You can also set req.notfound = true; if appropriate, for instance if the URL looks like a show page but there is no actual snippet that maches the URL.

Extending the dispatch method without overriding it completely

You can override the dispatch method completely if you wish, and sometimes you'll need to because your needs are sufficiently different. But much of the time there is an easier way.

If you just need to change the way the show page URL is parsed, for instance to handle a publication date in the URL like:

/2013/05/01/hooray-for-apostrophe

Then you can override the self.isShow method. The default version is:

self.isShow = function(req) {
  if (req.remainder.length) {
    // Perhaps it's a snippet permalink
    return req.remainder.substr(1);
  }
  return false;
};

This just assumes any URL that isn't empty is a / followed by a snippet slug.
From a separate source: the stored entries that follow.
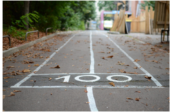
Peinture au sol / Parcours Sportif - Yes We Camp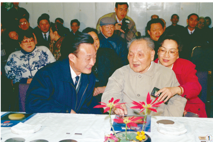
图①:1992年2月10日,邓小平同志在上海贝岭微电子制造有限公司参观时与吴邦国同志交谈。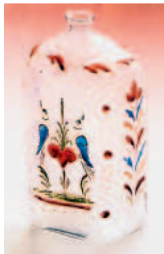
MALOVANÁ KARAFKA Kus z 18. století, sloužila našim předkům na rosolku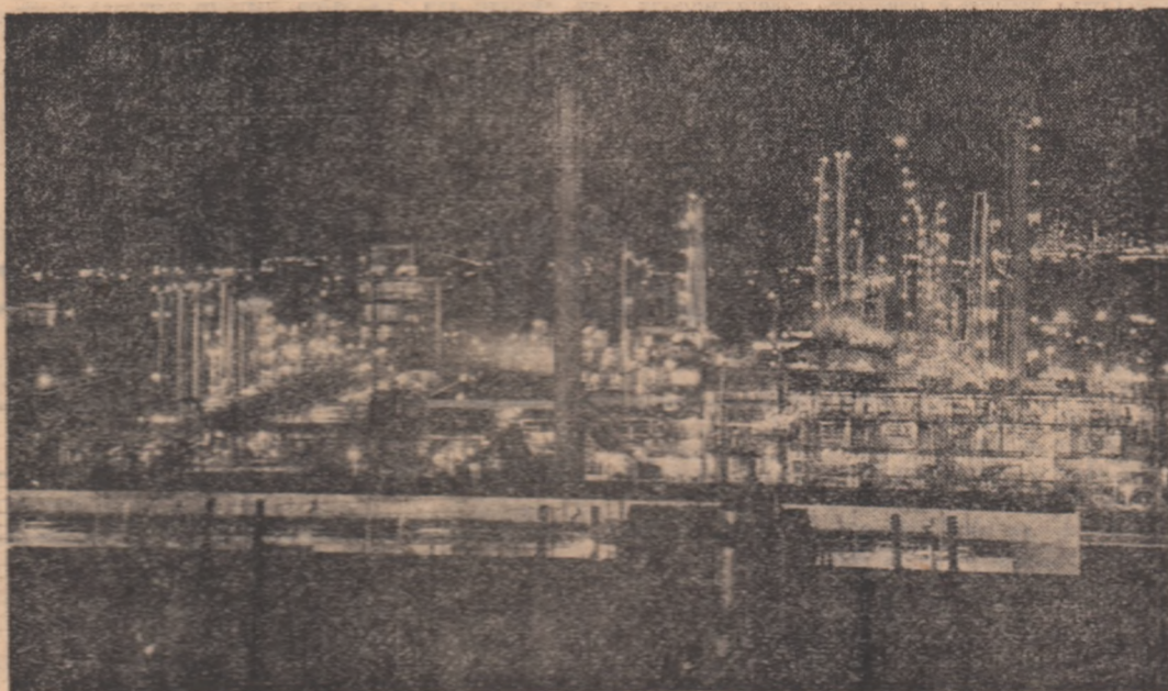
Vedere panoramică nocturnă a Combinatului petrochimic Pitești

cetatea numărul 3 a industriei românești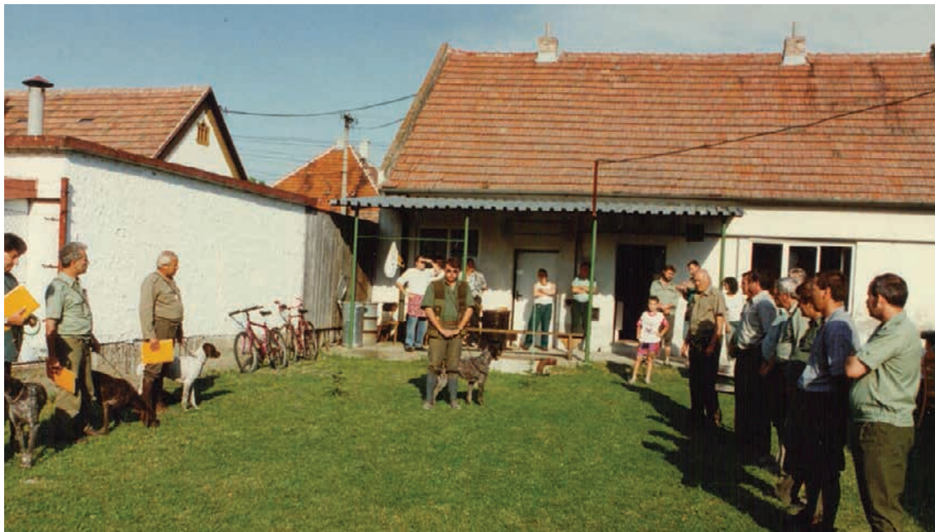
CHS NKS 1997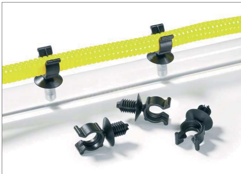
La gaine est clipsée dans l'agrafe CTC et fermement maintenue.

Les clips CTC sont utilisés dans l'automobile, la fabrication des faisceaux, l'industrie électrique et partout où les gaines annelées doivent être fixées rapidement et solidement.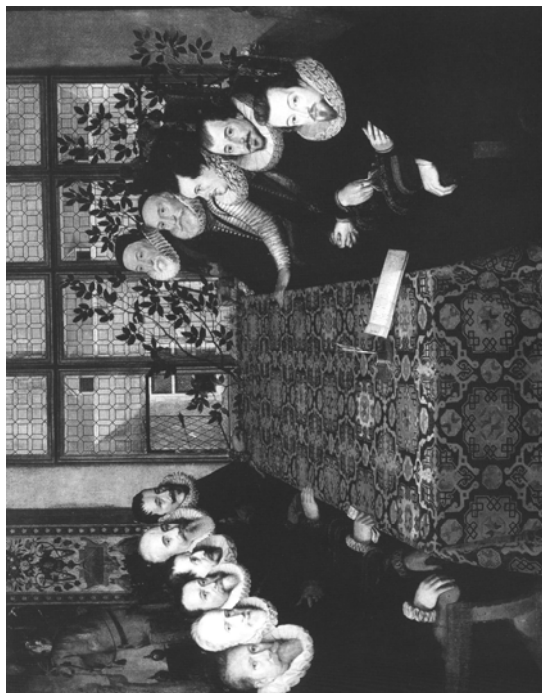
Fig 5. Conferencia de Somerset House. Juan Pantoja de la Cruz. The National Portrait Gallery. Londres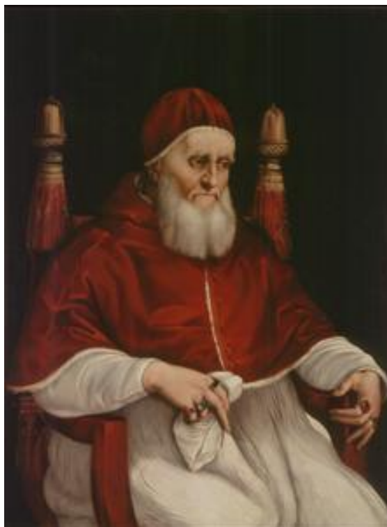
Papa Celestino al II-lea

La 29 ianuarie 1139, același Inocențiu al II-lea avea să promulge “privilegiul pontific” 5 . numit “Omne datum optimum” , prin care Sfantul Scaun acorda concesiile majore Templierilor, printre care și acela de autonomie totală în fața diverselor ierarhii laice și ecleziastice, incluzându-l aici inclusiv pe Patriarhul Ierusalimului, Ordinul urmând să se supună exclusiv autorității Papei. În același timp Ordinul a fost scutit de la plata zeciuiei, iar pentru a nu se amesteca cu “gloate de bărbați și mulți de femei” atunci când mergeau la biserică, li s-a oferit privilegiul de a-și deschide propriile oratorii pentru slujbele religioase, cât și pentru oficierea slujbelor de înmormântare ale tuturor membrilor cofreției.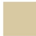
Pantone 13-0919 Soybean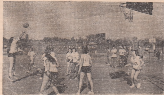
Întreceri viu disputate ale studenților și studențelor de la Politehnică

PROGRESUL BUCUREȘTI — P.T.T. (f) 2-0: 77-62 (48-28) și 73-60 (23-35). Cu mai multă încredere în forțele lor și cu un plus de atenție în minuirea balonului, P.T.T. — promovată anul acesta în Divizia A — putea obține o victorie.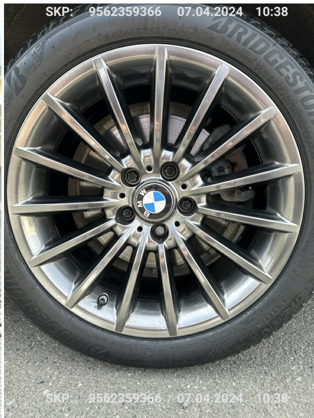
Felga tylna lewa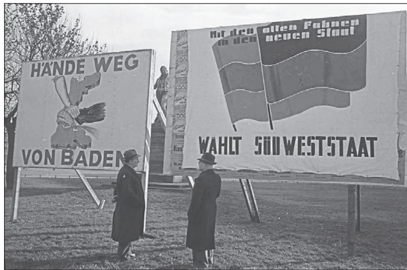
Plakatwerbung bei der Volksabstimmung über den Südweststaat 1951.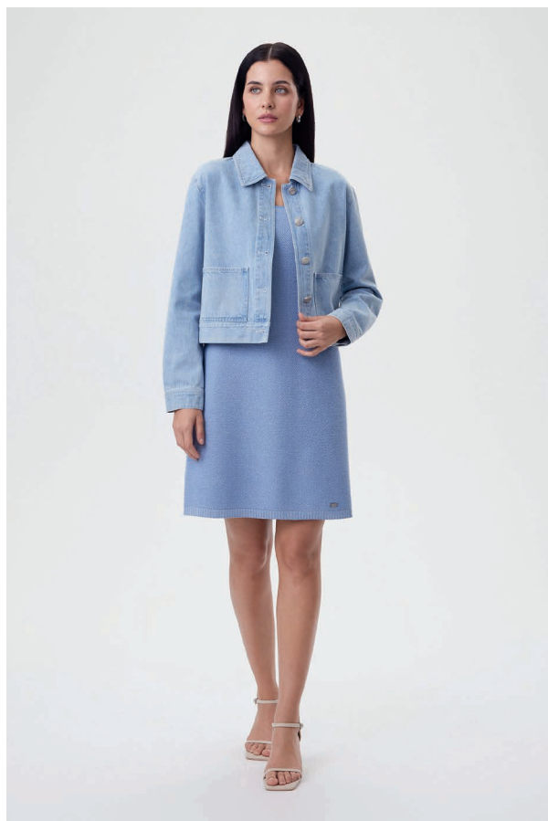
21-03-060 Куртка джинсовая «Городской полдень» 21-03-082 Платье вязаное «Городской полдень»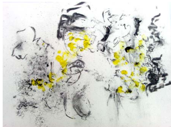
Carbonishas. Carboncillo y pastel s/papel.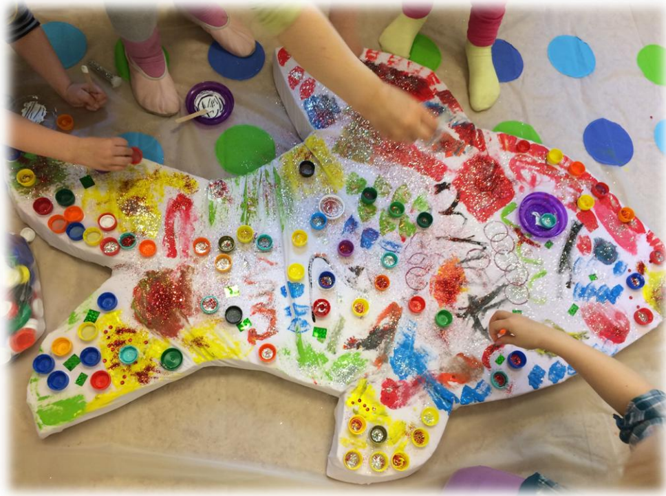
Kuva 6: Kesäretki taideinstallaation työstöä

This method should return the slug of the snippet (without actually checking whether it exists) or false if the URL doesn't look like a snippet show page.

To account for a publication date appearing first in the URL, we could write the following in our module's constructor, after the call to the snippet module's constructor so that our version overrides the other:

self.isShow = function(req) {
  var matches = req.remainder.match(/^\/\d+\/\d+\/\d+\/(.*)$/);
  if (matches) {
    return matches[1];
  }
  return false;
};

(Note that we don't actually check the publication date. It's just decoration. Snippet slugs are always unique. If a user creates a snippet with a title that matches an existing snippet, the slug is automatically made unique through the addition of random digits.)

There's also another way to achieve the same goal. This technique is worth looking at because it shows us how to call the original dispatch method as part of our override. This is similar to calling parent::dispatch in PHP or super.dispatch in Java:

// Grab the "superclass" version of the dispatch method so we can call it
var superDispatch = self.dispatch;

self.dispatch = function(req, callback) {
  if (req.remainder.length) {
    var matches = req.remainder.match(/^\/\d+\/\d+\/\d+\/(.*)$/);
    if (matches) {
      req.remainder = '/' + matches[1];
    }
  }
  superDispatch.call(this, req, callback);
};

Here we stash the original method in the variable superDispatch, then use the call keyword to invoke it as if it were still a method.

This is an important technique because in many cases we do need the default behavior of the original method and we don't want to completely override it. When you completely override something you become responsible for keeping track of any changes in the original method. It's better to override as little as possible.